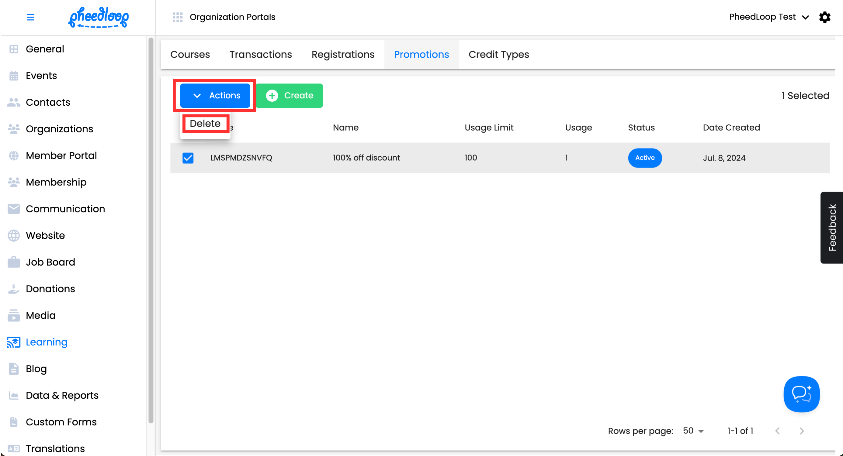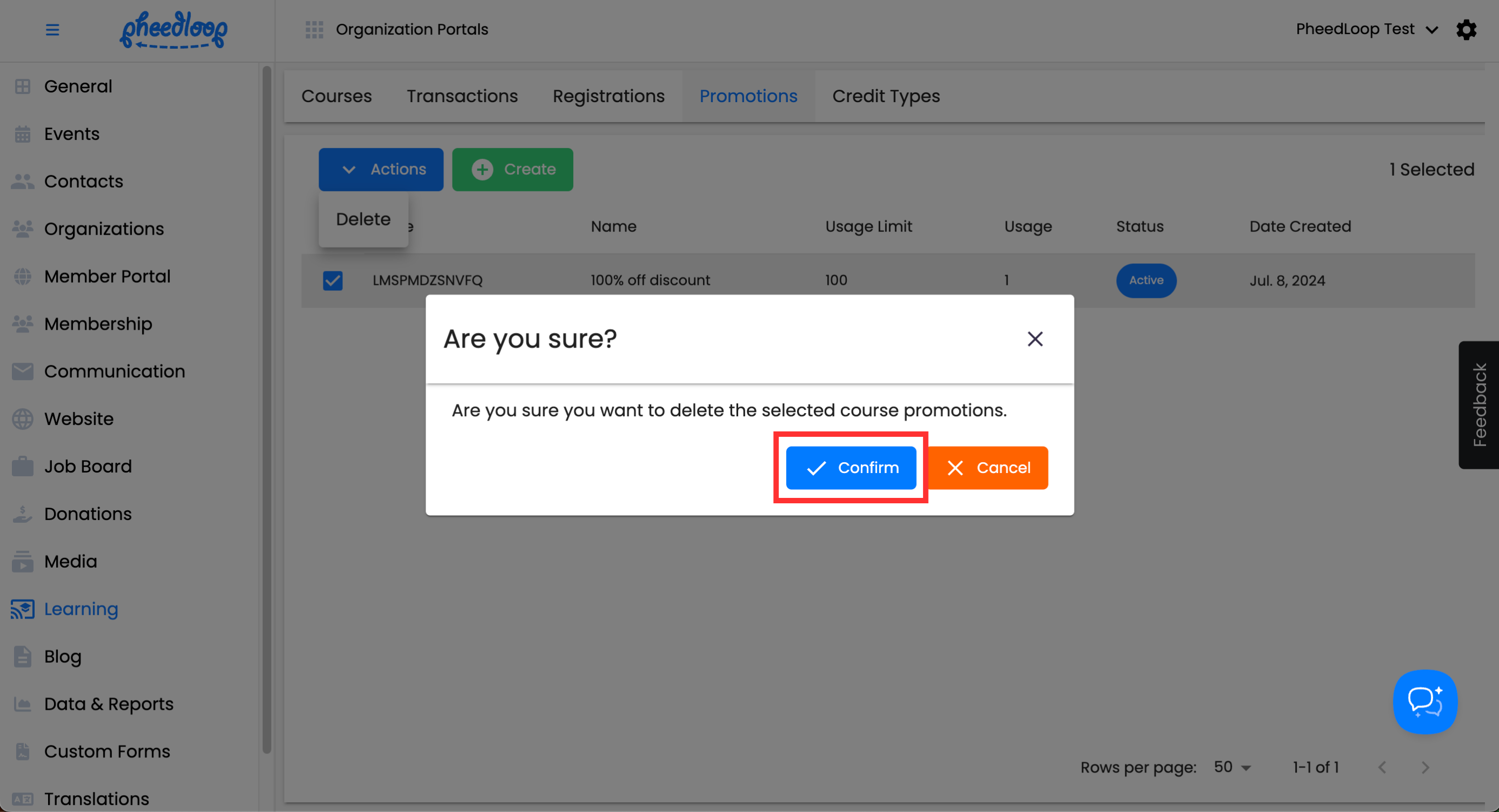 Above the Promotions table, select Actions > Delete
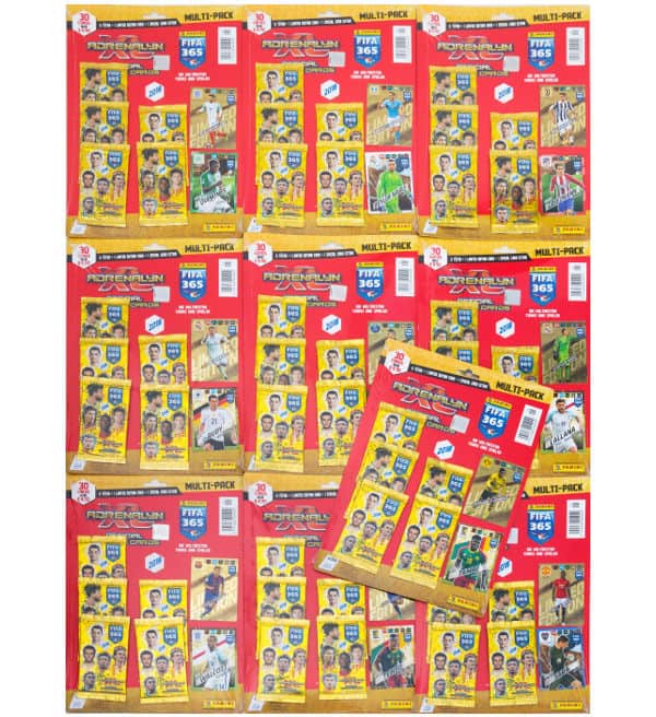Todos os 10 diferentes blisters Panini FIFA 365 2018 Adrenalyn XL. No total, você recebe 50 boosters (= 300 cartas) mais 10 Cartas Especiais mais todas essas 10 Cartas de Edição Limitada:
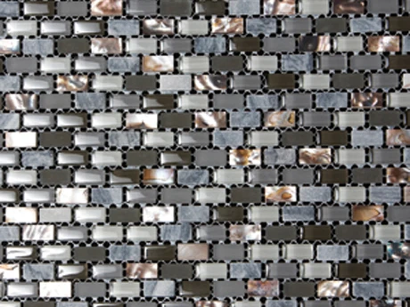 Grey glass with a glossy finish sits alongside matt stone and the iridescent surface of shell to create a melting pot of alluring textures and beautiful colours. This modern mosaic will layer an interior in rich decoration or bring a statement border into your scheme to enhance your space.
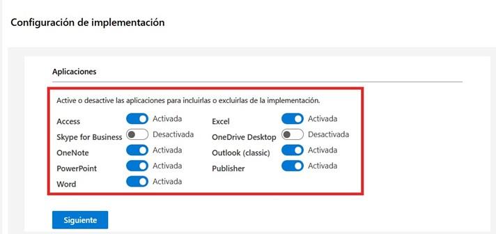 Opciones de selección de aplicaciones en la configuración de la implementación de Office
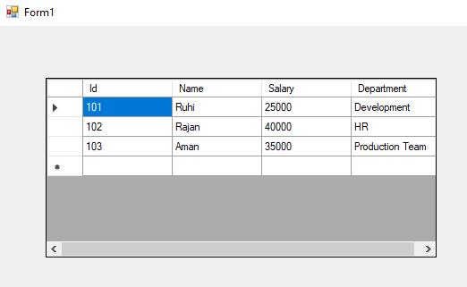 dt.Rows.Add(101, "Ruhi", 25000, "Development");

+ + + + + + +

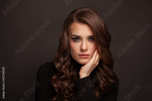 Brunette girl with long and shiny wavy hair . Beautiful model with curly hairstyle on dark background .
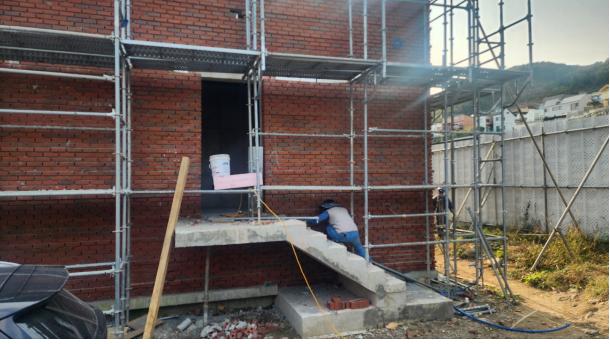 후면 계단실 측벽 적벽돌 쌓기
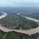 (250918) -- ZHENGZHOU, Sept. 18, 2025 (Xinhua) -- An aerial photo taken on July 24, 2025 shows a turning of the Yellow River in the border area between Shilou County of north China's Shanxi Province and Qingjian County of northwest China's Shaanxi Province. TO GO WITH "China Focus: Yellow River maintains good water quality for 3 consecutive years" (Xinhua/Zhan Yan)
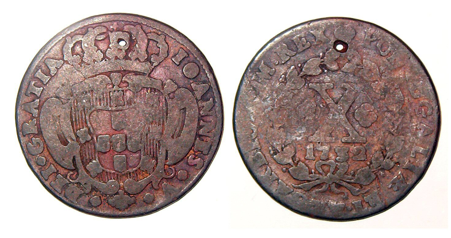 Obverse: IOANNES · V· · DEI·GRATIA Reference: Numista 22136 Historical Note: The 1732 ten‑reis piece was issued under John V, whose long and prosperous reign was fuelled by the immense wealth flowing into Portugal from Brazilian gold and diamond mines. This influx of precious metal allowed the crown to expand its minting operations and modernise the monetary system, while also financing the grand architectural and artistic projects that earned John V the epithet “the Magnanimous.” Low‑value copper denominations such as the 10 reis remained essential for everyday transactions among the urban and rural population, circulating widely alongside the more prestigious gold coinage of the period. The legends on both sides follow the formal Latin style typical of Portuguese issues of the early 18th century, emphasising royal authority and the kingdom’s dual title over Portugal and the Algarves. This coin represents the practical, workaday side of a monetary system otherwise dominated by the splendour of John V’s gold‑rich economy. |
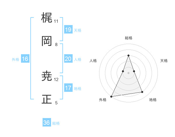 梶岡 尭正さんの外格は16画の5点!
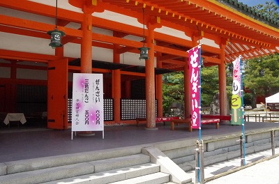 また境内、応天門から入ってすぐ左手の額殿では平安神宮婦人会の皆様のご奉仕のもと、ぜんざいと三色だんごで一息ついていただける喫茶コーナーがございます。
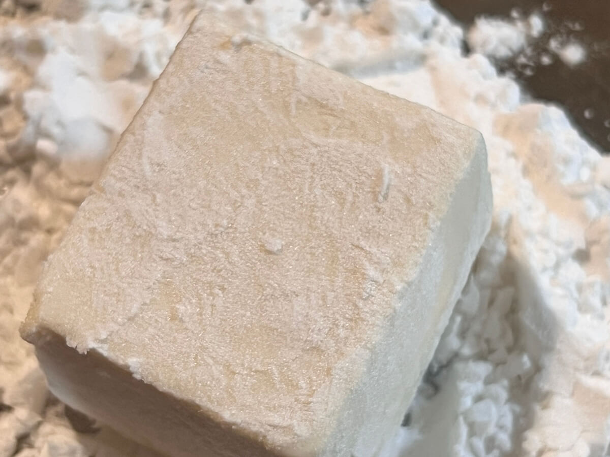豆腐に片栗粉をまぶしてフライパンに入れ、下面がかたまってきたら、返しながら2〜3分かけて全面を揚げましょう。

+ + + + + + +

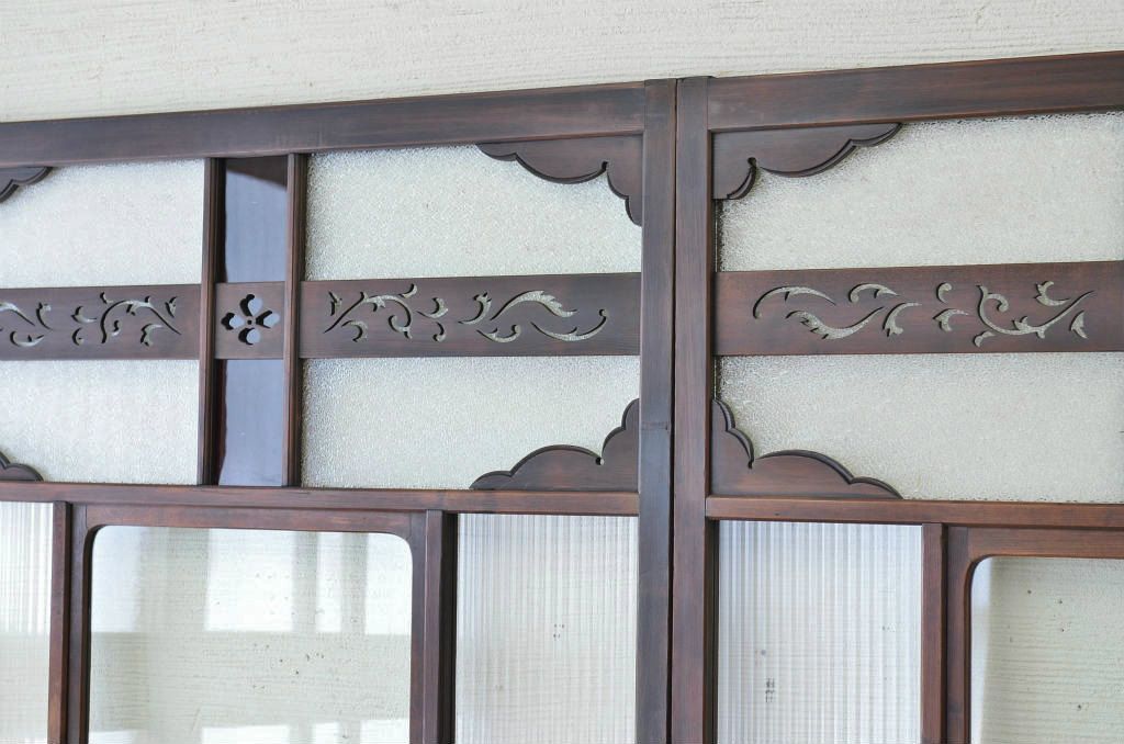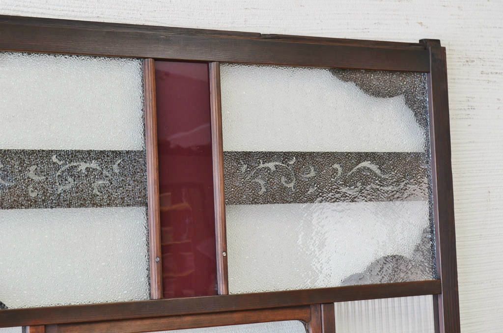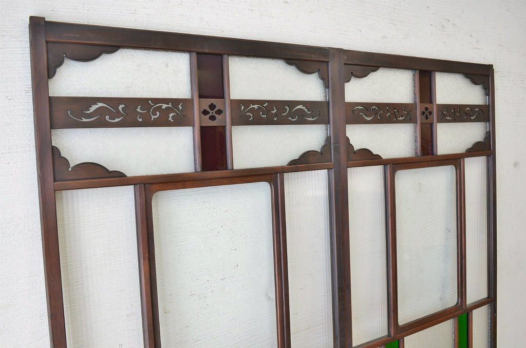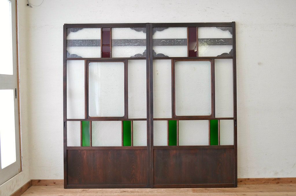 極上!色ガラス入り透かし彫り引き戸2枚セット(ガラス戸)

+ + + + + + +

WHAT YOU WILL DO:
Repeat the lines above exactly, beginning with the one containing "Above the Promotions" and finishing with the one containing "Todos os 10". No pictures belong in the copy.

REPLY:
 Above the Promotions table, select Actions > Delete
Todos os 10 diferentes blisters Panini FIFA 365 2018 Adrenalyn XL. No total, você recebe 50 boosters (= 300 cartas) mais 10 Cartas Especiais mais todas essas 10 Cartas de Edição Limitada:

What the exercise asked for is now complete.